> _Source data_
_ _ _ _ _

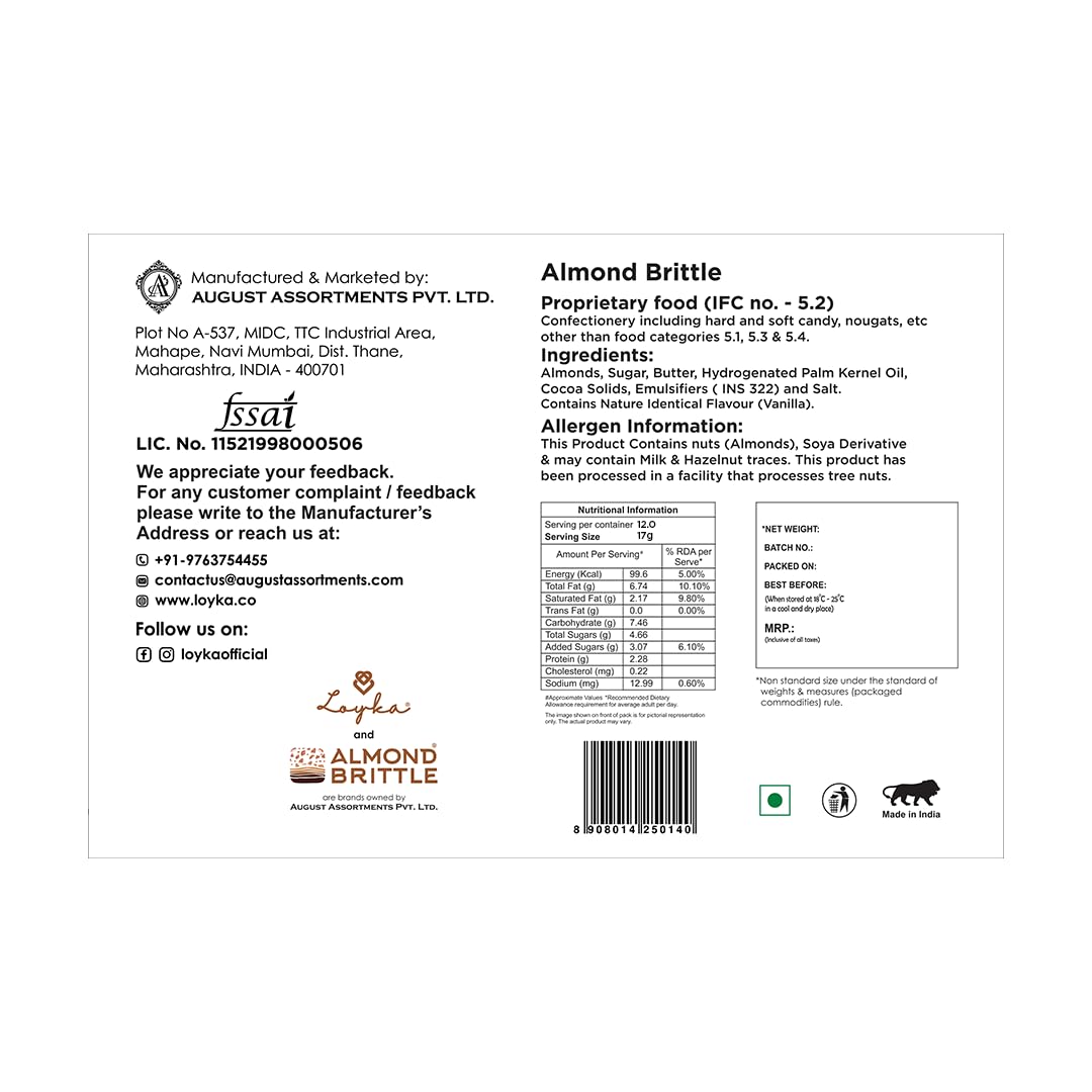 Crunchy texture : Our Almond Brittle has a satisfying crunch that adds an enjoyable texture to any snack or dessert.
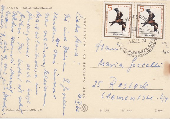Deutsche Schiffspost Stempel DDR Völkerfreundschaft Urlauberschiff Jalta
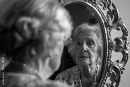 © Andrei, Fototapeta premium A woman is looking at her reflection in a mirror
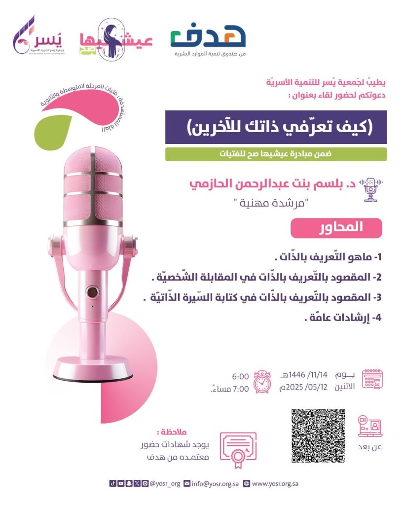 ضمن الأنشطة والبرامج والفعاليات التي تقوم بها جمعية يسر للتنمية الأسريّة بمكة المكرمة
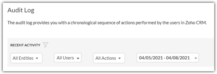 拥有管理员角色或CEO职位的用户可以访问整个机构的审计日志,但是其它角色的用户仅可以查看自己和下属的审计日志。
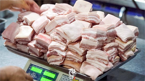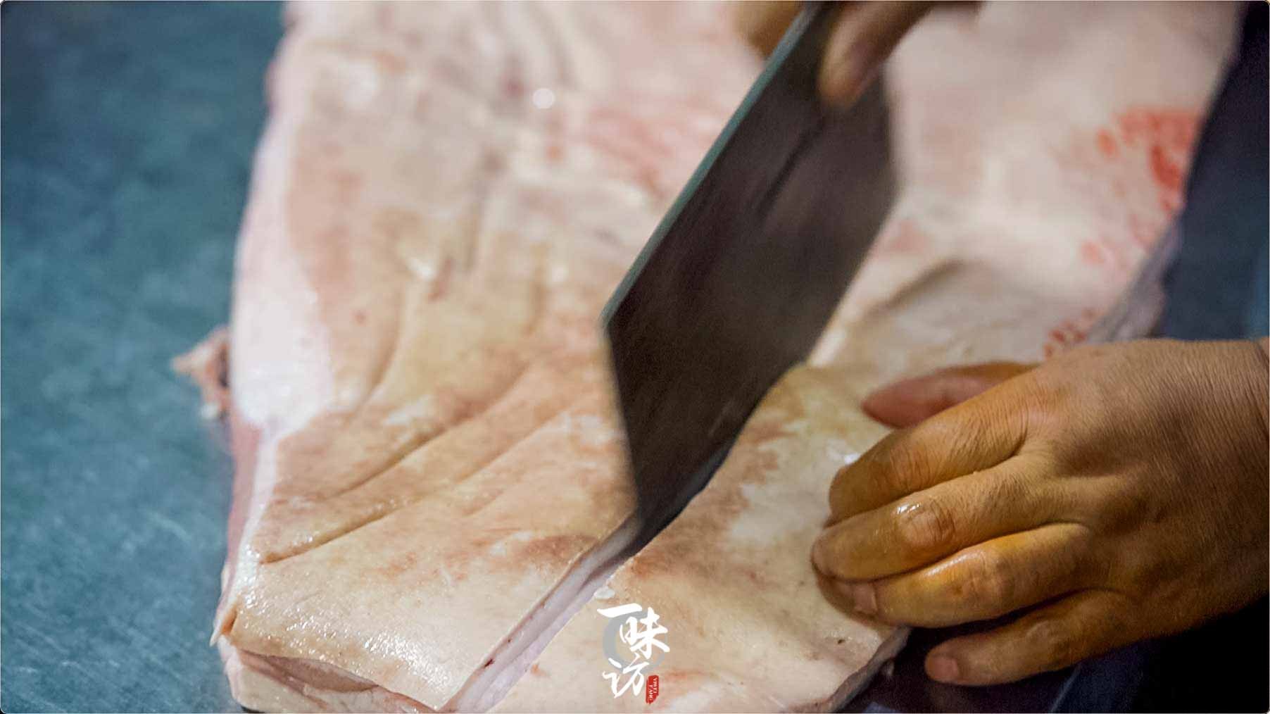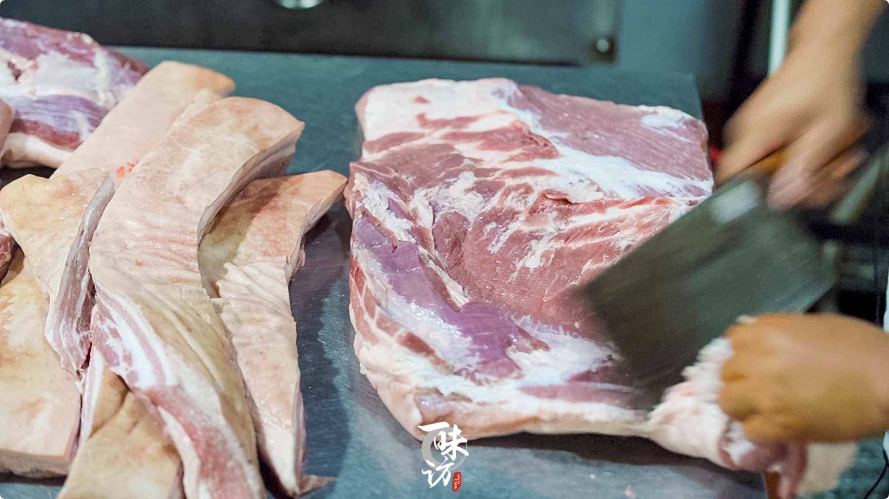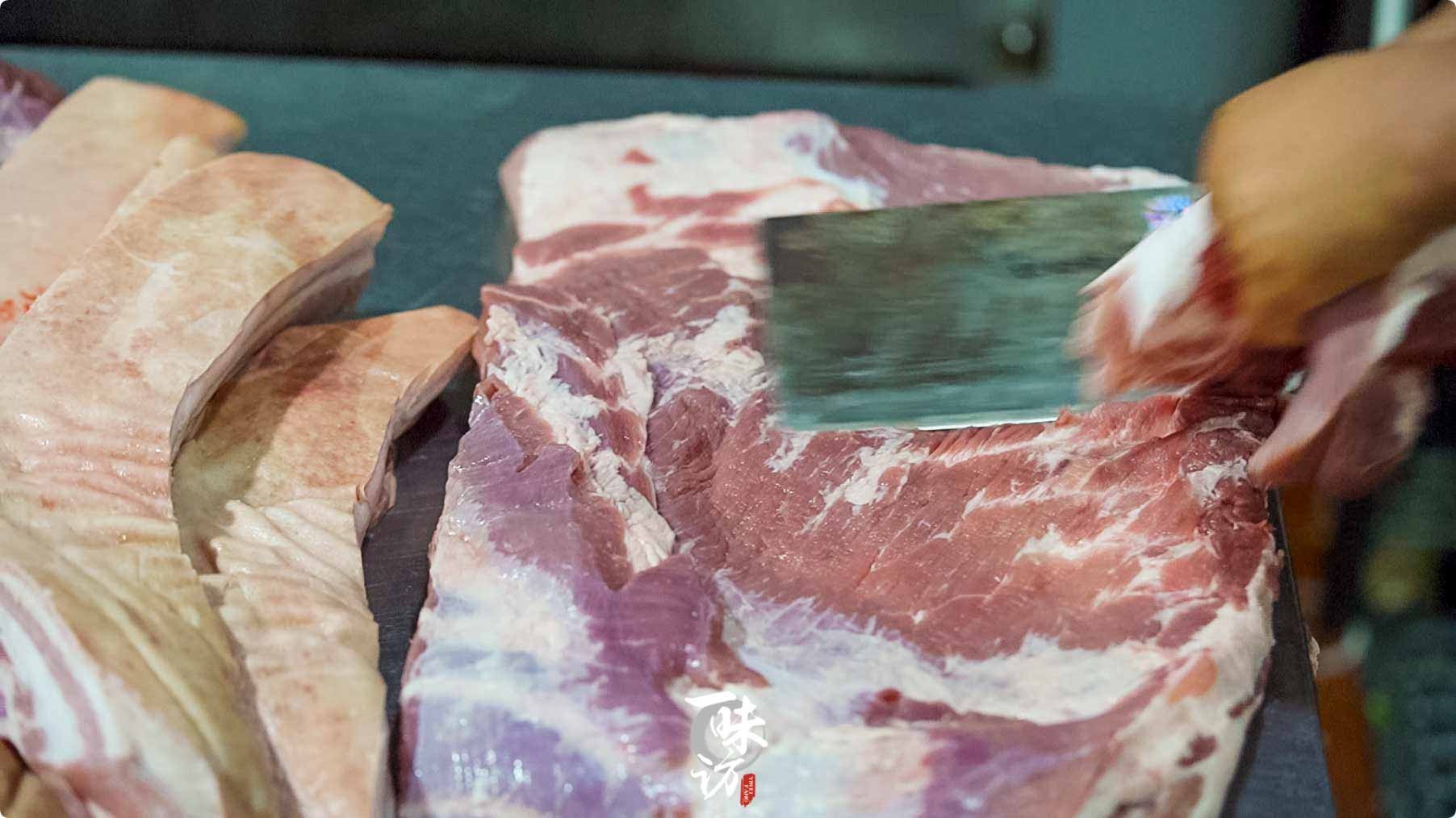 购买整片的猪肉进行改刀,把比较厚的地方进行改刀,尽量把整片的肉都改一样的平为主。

_ _ _ _ _

> _What you need to do_
Only the records, copied exactly and free of pictures, belong in the answer.

> _Your solution_
 Crunchy texture : Our Almond Brittle has a satisfying crunch that adds an enjoyable texture to any snack or dessert.
Deutsche Schiffspost Stempel DDR Völkerfreundschaft Urlauberschiff Jalta
 © Andrei, Fototapeta premium A woman is looking at her reflection in a mirror
 ضمن الأنشطة والبرامج والفعاليات التي تقوم بها جمعية يسر للتنمية الأسريّة بمكة المكرمة
 拥有管理员角色或CEO职位的用户可以访问整个机构的审计日志,但是其它角色的用户仅可以查看自己和下属的审计日志。
 购买整片的猪肉进行改刀,把比较厚的地方进行改刀,尽量把整片的肉都改一样的平为主。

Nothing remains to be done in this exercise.